Theodor Diener had a problem. It was in 1967, and he and his colleagues successfully isolated an infectious agent that caused spindle tuber disease in potatoes that destroy crops. But it wasn’t like what they realised. They called it a virus, but it didn’t act like one thing.
It took Diener four years to demonstrate that mystical beings are even simpler than viruses. It is a single “naked” molecule that can infect potato cells and thus reproduce. He suggested calling it a wild. It was the smallest replicating agent ever identified.
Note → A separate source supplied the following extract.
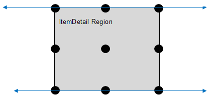 - The reference region is Main or an embedded Header (such as, LeftHeader, RightHeader, TopHeader, BottomHeader), and the reference point is not along the top and bottom blue lines in this diagram:
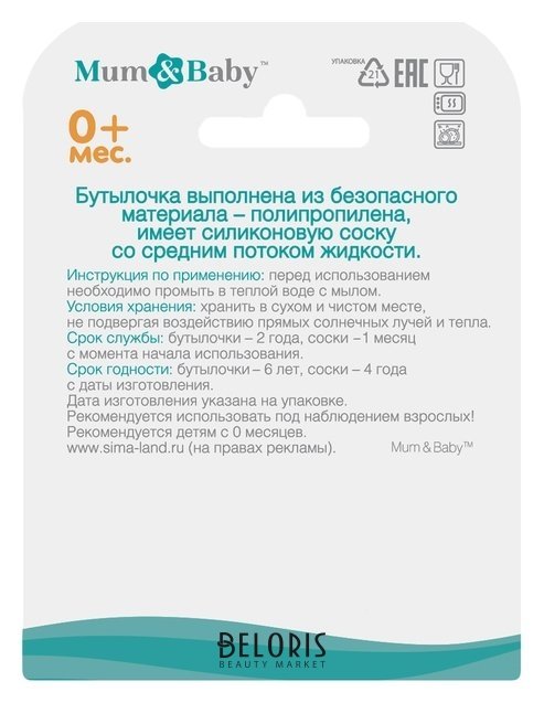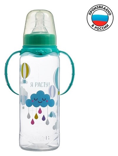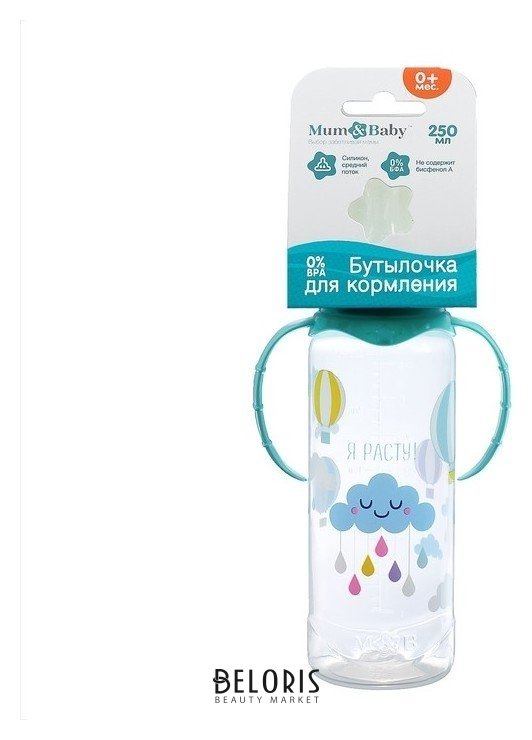Отзывы на Бутылочка для кормления «Нежное облачно» детская классическая, с ручками, 250 мл, от 0 мес., цвет бирюзовый Mum&baby

With a stroke, dinner expanded my understanding of living in the microscope world.
You might think that such a dramatic discovery would, uh, go viral. Almost no one noticed it yet. Apart from several other plant pathologists, the world of science has forgotten much about wilds for half a century. They had never even heard of him in 2020 when Benjamin Lee of the National Center for Biotechnology Information in Bethesda, Maryland, was encouraged to look into Wild.
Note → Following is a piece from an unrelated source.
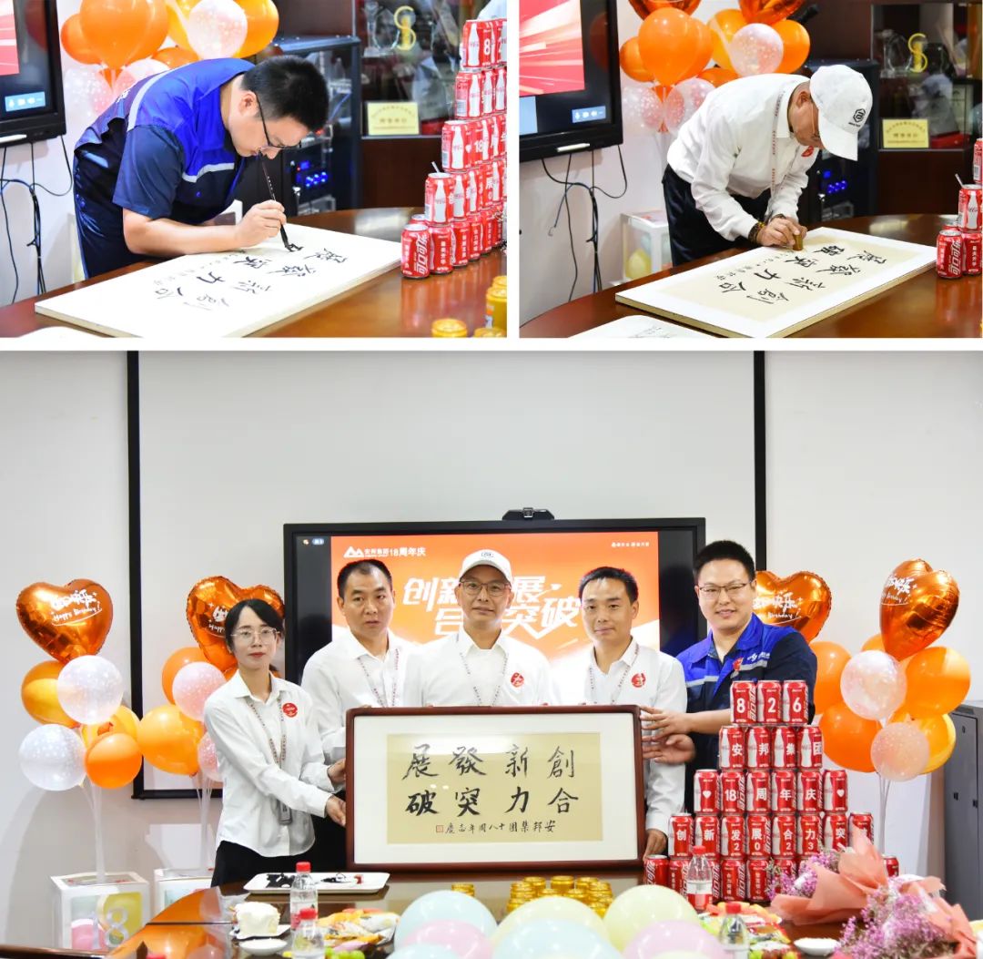 在大家分享蛋糕的同时,4位入职同事和寿星分别挥毫泼墨,共同书写“创新发展,合力突破”,感受安邦深厚底蕴的企业文化魅力。周董亲自为题词落印。

Since then, there has been an explosion of discovery thanks to Lee and others. Now we know thousands of wilds and violids-like entities, with exotic names such as obelisks, ribojunctions, satellites and more. They appear to be found everywhere in a vast range of organisms and microorganisms. I don’t know what most of them are doing, whether most of them are benign or dangerous. However, these simplest replicators raise basic questions about the meaning of being alive. They can even go back to the origins of…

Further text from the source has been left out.